Initially identified through genomic sequencing, PPIL3 is encoded in humans by the *PPIL3* gene located on chromosome 2. While its biological functions remain less characterized compared to well-studied cyclophilins like cyclophilin A (CypA), emerging evidence suggests PPIL3 involvement in transcriptional regulation, RNA splicing, and cellular stress responses. It interacts with components of the spliceosome complex, hinting at a role in mRNA processing. Additionally, PPIL3 may participate in signaling pathways linked to apoptosis and immune regulation, though mechanistic details are still under investigation.

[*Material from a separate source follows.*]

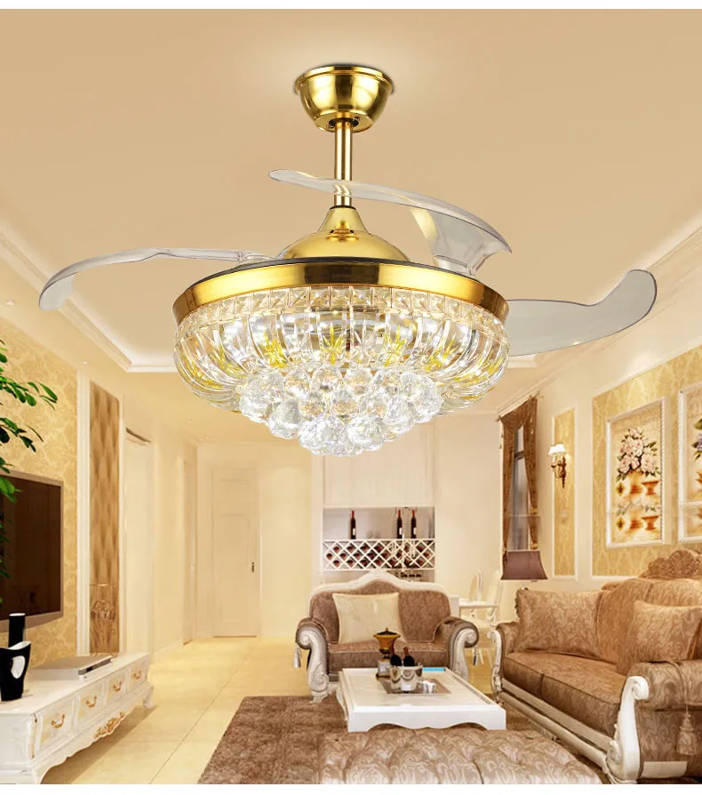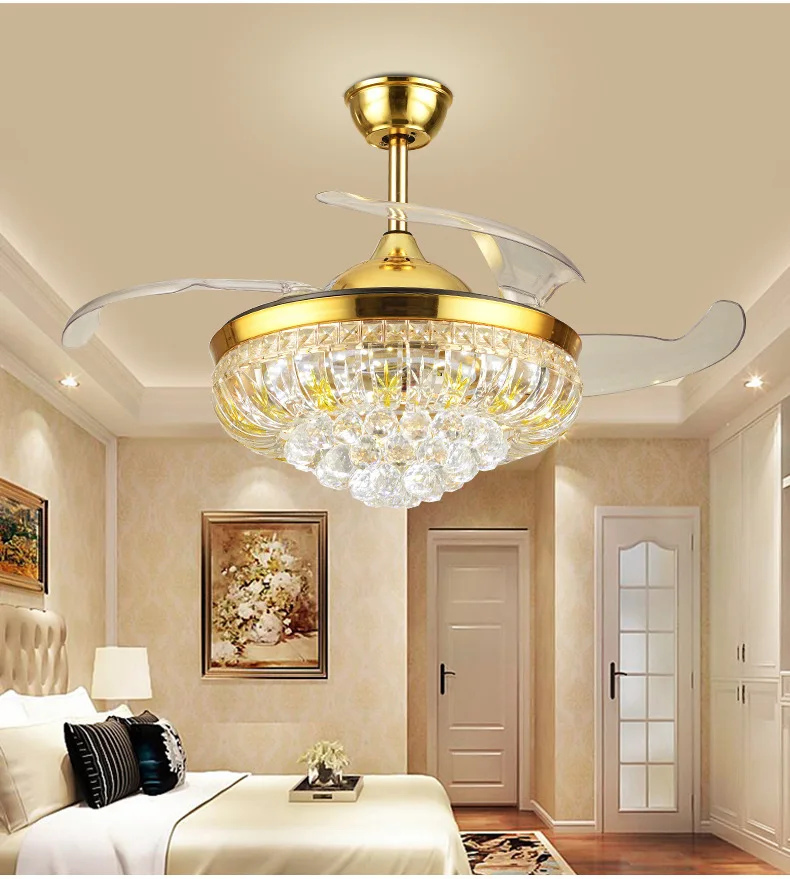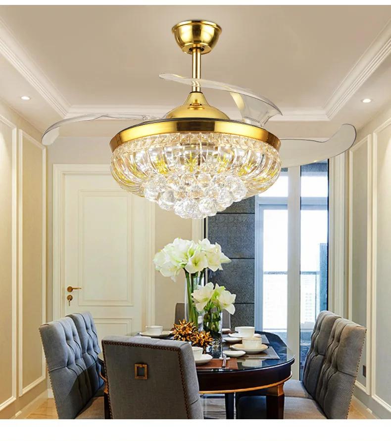 Европейский стиль, ресторанный вентилятор, светильник с дистанционным управлением, Золотой роскошный светодиодный, Кристальный, невидимый инвертор, потолочный вентилятор, светильник

Recombinant PPIL3 protein is engineered for in vitro studies to elucidate its biochemical properties and interactions. Produced via heterologous expression systems (e.g., *E. coli* or mammalian cells), it retains PPIase activity and serves as a tool for structural analysis (e.g., X-ray crystallography) or screening for inhibitors. Its recombinant form is particularly valuable in dissecting its potential involvement in diseases such as cancer, neurodegenerative disorders, or viral infections, where cyclophilin dysregulation is implicated. Recent studies also explore PPIL3's utility as a biomarker or therapeutic target, though further functional validation is required to fully understand its pathophysiological relevance.